**Work order**
Find "Step1: Create the" and "年長、年中さんはクリスマスツ" in the records below. Copy the lines holding them and every line between, exactly, and no others.

**Material for the task**

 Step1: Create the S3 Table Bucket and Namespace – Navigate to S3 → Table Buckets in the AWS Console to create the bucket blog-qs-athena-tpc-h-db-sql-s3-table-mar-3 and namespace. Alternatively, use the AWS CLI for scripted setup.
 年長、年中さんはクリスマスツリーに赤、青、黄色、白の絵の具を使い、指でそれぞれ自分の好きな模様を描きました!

...

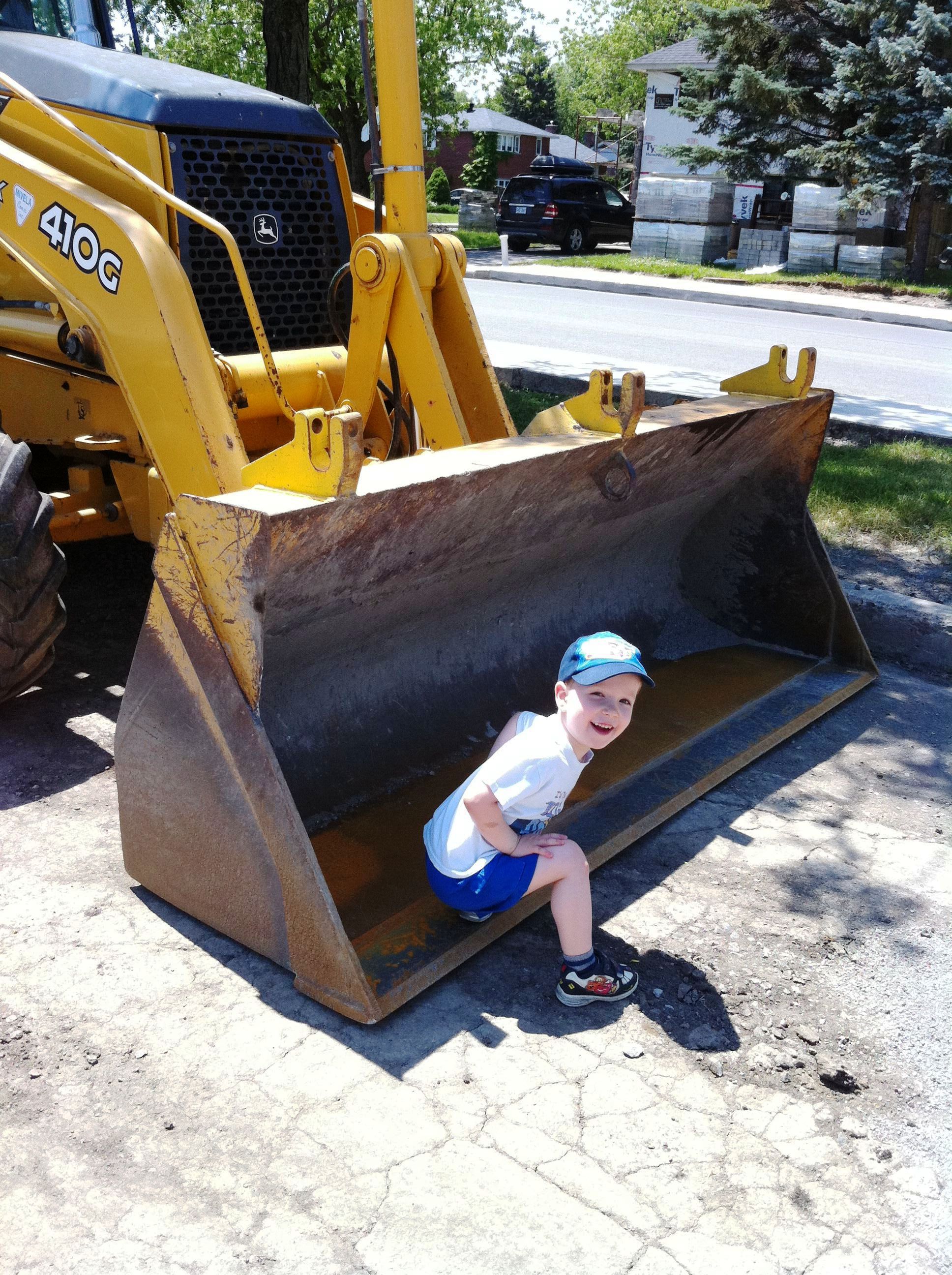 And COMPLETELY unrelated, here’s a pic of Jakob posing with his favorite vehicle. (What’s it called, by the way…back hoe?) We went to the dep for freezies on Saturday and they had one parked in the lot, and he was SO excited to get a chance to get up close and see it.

...

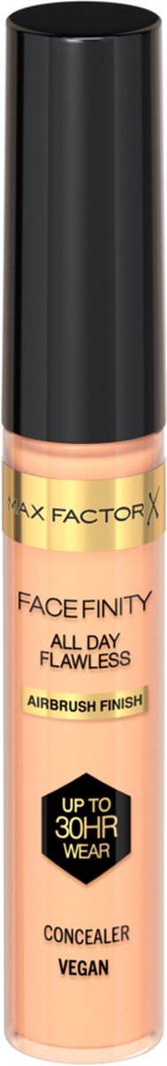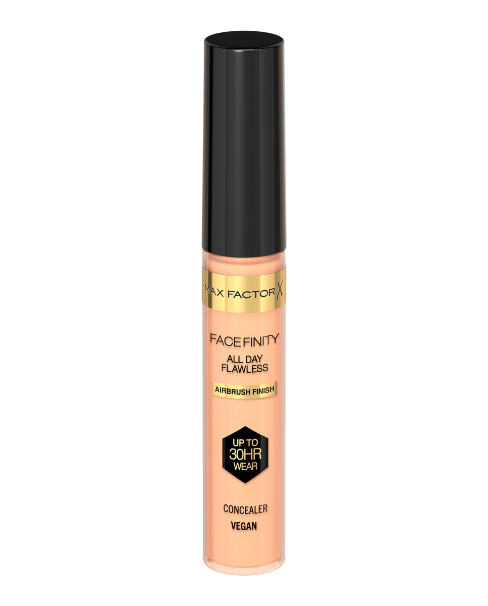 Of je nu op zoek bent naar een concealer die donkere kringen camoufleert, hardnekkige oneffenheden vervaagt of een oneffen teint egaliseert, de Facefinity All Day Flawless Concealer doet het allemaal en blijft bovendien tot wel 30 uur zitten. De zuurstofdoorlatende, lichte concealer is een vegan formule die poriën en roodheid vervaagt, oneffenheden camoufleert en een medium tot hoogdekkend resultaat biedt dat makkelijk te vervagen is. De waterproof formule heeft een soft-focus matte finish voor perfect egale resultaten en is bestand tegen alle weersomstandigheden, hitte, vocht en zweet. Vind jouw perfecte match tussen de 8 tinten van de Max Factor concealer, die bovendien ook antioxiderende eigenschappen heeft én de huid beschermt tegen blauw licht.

**Completed task**
 Step1: Create the S3 Table Bucket and Namespace – Navigate to S3 → Table Buckets in the AWS Console to create the bucket blog-qs-athena-tpc-h-db-sql-s3-table-mar-3 and namespace. Alternatively, use the AWS CLI for scripted setup.
 年長、年中さんはクリスマスツリーに赤、青、黄色、白の絵の具を使い、指でそれぞれ自分の好きな模様を描きました!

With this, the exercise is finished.